Geoffrey Cox—our plummy voiced Attorney General has described the now non-prorogued parliament as ‘dead.’ In other words, he finds himself beyond the grave, but in it. Perhaps he seeks to be disinterred. There are many times when being in parliament felt like death, which is to say when a government with a large majority gets on with relatively non-controversial legislation everybody just gets their head down, looking for career opportunities or perhaps finds time to pursue personal policy goals.
Then you have something like going to war cropping up. Then parliament comes alive, with packed chambers and heated debate-within limits of course. The anti-Iraq war opposition, given Tory support for the government was doomed to failure from day one. The debate was had with a foregone conclusion. Did that make parliament dead? Given what had happened on the streets outside the Palace of Westminster, the answer must be yes, parliament has its debates but the course of events as prescribed by the executive continues unabated.

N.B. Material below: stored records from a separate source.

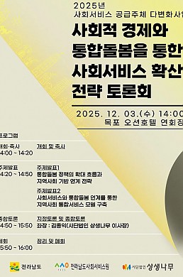 2025년 사회서비스 공급주체 다변화사업 「사회적 경제와 통합돌봄을 통한 사회서비스 확산 전략 토론회」개최
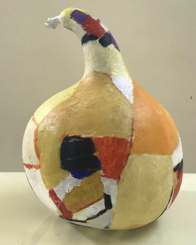 Ми бесідували з Михайлом Поживановим і про незвичні роботи на цій виставці. Наприклад, одеський митець Сергій Савченко, член Національної спілки художників України, розмальовує природні форми – таракуци (вони дуже насичені кольором); є у нього і дерев’яні скульптури. Савченко полюбляє контрасти – колірні, тональні, контрасти форм. Якось художник сказав, що це – його характер, і “він вимагає такої мови”. Мабуть, все це й привело, за словами митця, “до формування в скульптурі безкінечної структури”. Вона стала для Савченка ” власне формулою малярства…”.
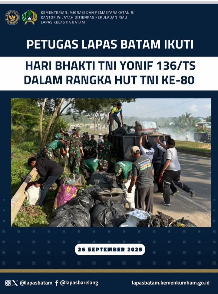 Beritabintan.co.id, Batam (Kepri)- Dalam rangka memperingati Hari Ulang Tahun (HUT) ke-80 Tentara Nasional Indonesia (TNI), petugas Lembaga Pemasyarakatan (Lapas) Kelas IIA Batam turut serta dalam kegiatan Hari Bhakti TNI Yonif 136/TS yang dilaksanakan melalui aksi gotong royong di area Tembesi, Kota Batam.
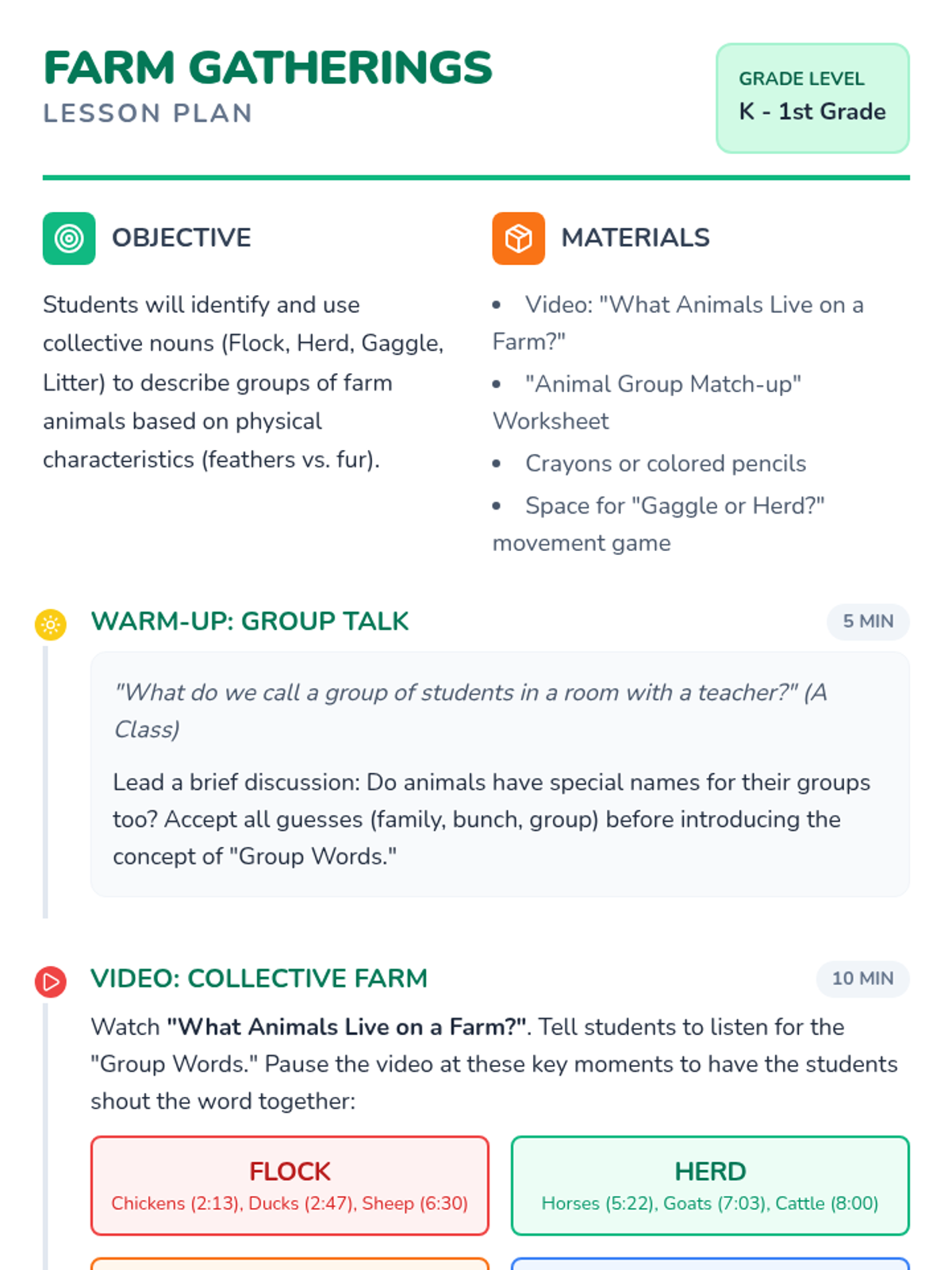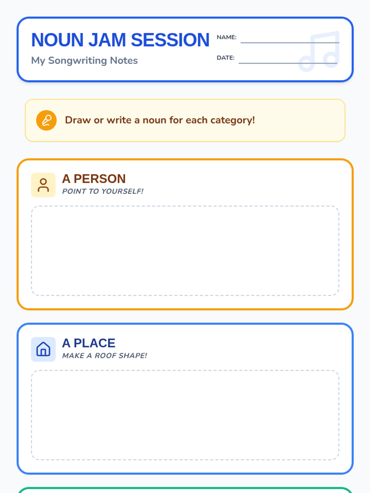 A foundational lesson for Pre-K and Kindergarten students to identify nouns as people, places, and things through visual cues and coloring activities.
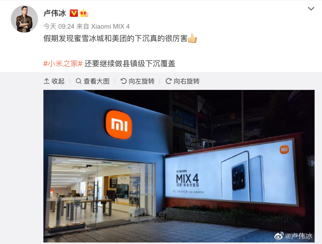 此外,卢伟冰还表示假期感慨,小米之家还要继续做县镇级下沉覆盖。
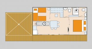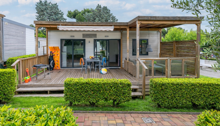 The mobile home has air conditioning and a large wooden terrace with luxury lounge set and canopy for maximum outdoor comfort.
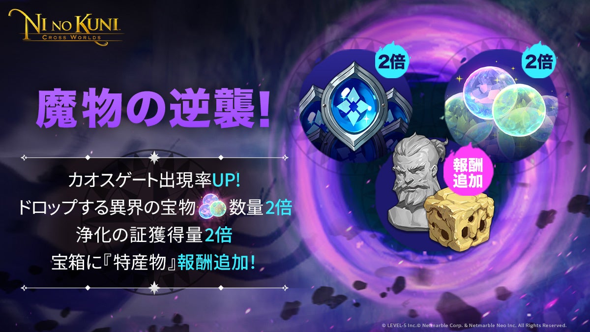 イベント期間中は、カオスゲートの出現率や報酬量、「浄化の証」獲得量がアップいたします。
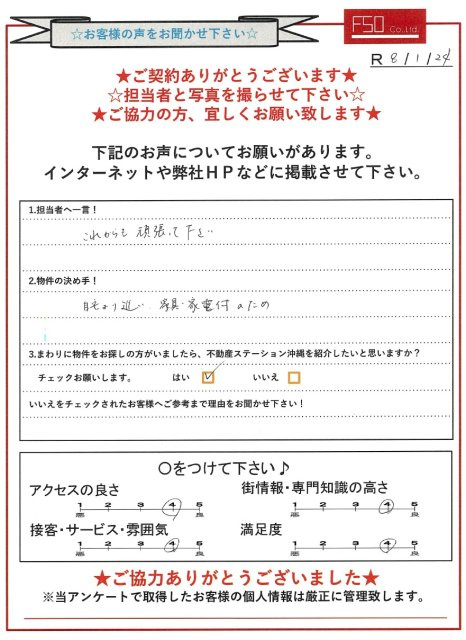 不動産ステーション沖縄TOP > お客様の声一覧 > F様

Now we seem to be in a different situation, which is the exact opposite. Cox, aware of a shift in power wants parliament to be dead. He doesn’t seem to understand that at its best parliament cannot be ruled, it has a need, a duty to be unruly. That’s the job it should perform. I can only hope that this whole period of the useless f*****g Brexit crisis invigorates our institutions of governance. They bloody need it. And the population at large hopefully may get a better grip on what democracy entails, rather than having simplistic notions of democracy as a tick box exercise in binary options.